On the morning of the Second Christmas Day I woke up to the wondrous sight of flowers growing at our window pane reflecting the morning sun. What fleeting beauty, what remarkable harmony created when the depth of winter and human life intermingle.
Yesterday, Chuck led you into a meditation on the song of Mary. Today I would like to ponder with you how to translate Mary's courage into our own hearts.
For guidance, we will look to some thoughts of Meister Eckhart (1260-1328), the medieval mystic.
In the peak of Fall this year I walked the woods at St John's Abbey in MN, visiting the little chapel with the statue of the pregnant Mary once again. As Chuck has mentioned in his post before we feel a special connection to this statue. Probably because it has made the story of Mary accessible to us, depicting her as a young woman walking pregnant in purity of heart.
In the monastery store I got into a conversation with the old monk selling me the small reproduction of the life-size statue. Too much focus on her virginity, he says, too little on her motherhood. I agreed wholeheartedly. It is, I say, because we do not understand her virginity in spiritual terms. He looks at me with puzzlement. And now we are in a beautiful dialogue on the purity of heart. Because this is what, I tell the old monk, I think Mary's virginity points us to.
Here I am, the much younger woman, who does not understand much of Catholic doctrine, talking to a monk about virginity. But he looks at me with open eyes that invite me to talk further.
We cannot conceive Jesus in our bodies, so we must conceive him within our heart, I continue. But how can a heart be virgin like the virgin Mary? It is, as Meister Eckhart once wrote so beautifully:
And what other than openness to God does the virgin Mary stands for? It is what gave me, the Lutheran pastor's daughter, a chance to grasp Mary, in fact to fall in love with her sacred courage. Her pregnancy is the everlasting call to each of us, to not be ashamed to go pregnant with the Divine. But such a metaphorical reading only makes sense if we translate Mary's virginity into the spiritual world, where each one, woman and man, can become virgin again. Open to receive God. Every time anew, again.
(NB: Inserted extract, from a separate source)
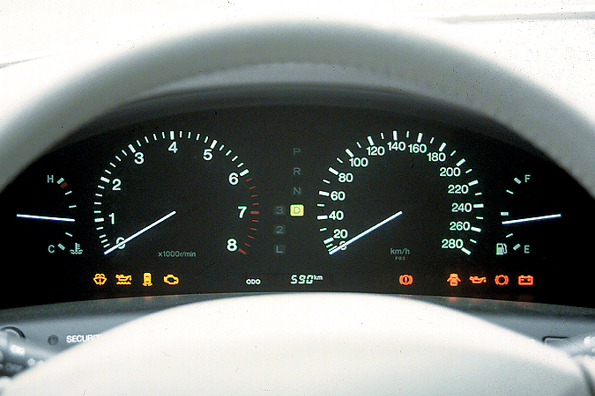 Удивлены кромешным мраком в проеме комбинации приборов? А ну-ка, включайте зажигание, сейчас я вам покажу ночные огни Бродвея... Смотрите — пока руль подползает к вам в руки, в бархатной темноте ярким белым огнем засветились четыре большие стрелки. А через мгновение вокруг них вспыхнули четкие шкалы тахометра, спидометра, указателей температуры охлаждающей жидкости и уровня топлива. Красиво? Припомните, какой еще автомобиль может похвастаться вакуумно-люминесцентной комбинацией приборов? Запамятовали? То-то же.

Meister Eckhart on the “virgin heart”
Here is how Meister Eckhart preached about it some eight hundred years ago (I translate and illustrate here freely from his German sermons, published in Vom Atmen der Seele, by Reclam 2014):
First of all, Meister Eckhart refreshingly and surprisingly leads our view away from the concentration (and often obsession) with female virginity towards the virgin person, a person both free and willing to receive the Divine. God asks to be born in our inner being, asks for a heart which empties itself from all the images one has collected over the life time, from all the stuff and ideas, crammed into corners, even the religious ones, until God God's self can fill our hearts again.
Meister Eckhart refers here to the other Christmas text in John 1, about the word in the beginning which becomes flesh. But how did it become flesh? By falling into a person's heart open to receive it. As far as a person is able to receive God this way, "he or she is a virgin", he says.
But we cannot stay with the virgin Mary as we cannot stop with the virgin person who has received the seed of God.
Now we must become mothers to what the Divine has laid into us. We must walk pregnant with it and birth it in its time. Only then can the virgin person bear fruit. Our souls must mother the Divine, says Meister Eckhart.
Anima, my soul, cannot stay virgin if she wants to birth the holy into life.
This thought brings us back to Mary's motherhood, the motherhood the monk in the store was missing in the preaching of the church. Mothering, bearing fruit, needs the virgin heart and at the same time leaps beyond it.
And isn’t this good news in these times of hardened hearts, to remind us of virginity as a virtue of the heart? A virginity we are not born with but must grow into, a virginity we must approach, even achieve? This is the virginity toward which Meister Eckhart, the medieval mystic, points. Virginity as a virtue, into which we are not born, but a thing for which we must strive during life repeatedly. A virginity which opens us to the Divine call, that the young and old, men and women, may all hear, if we listen.
Here are some questions for you to ponder today:
Am I willing to receive the Divine call for my life and carry it to term?
What waits to be born in me? With what am I walking pregnant right now?
Who can help me find courage for this journey?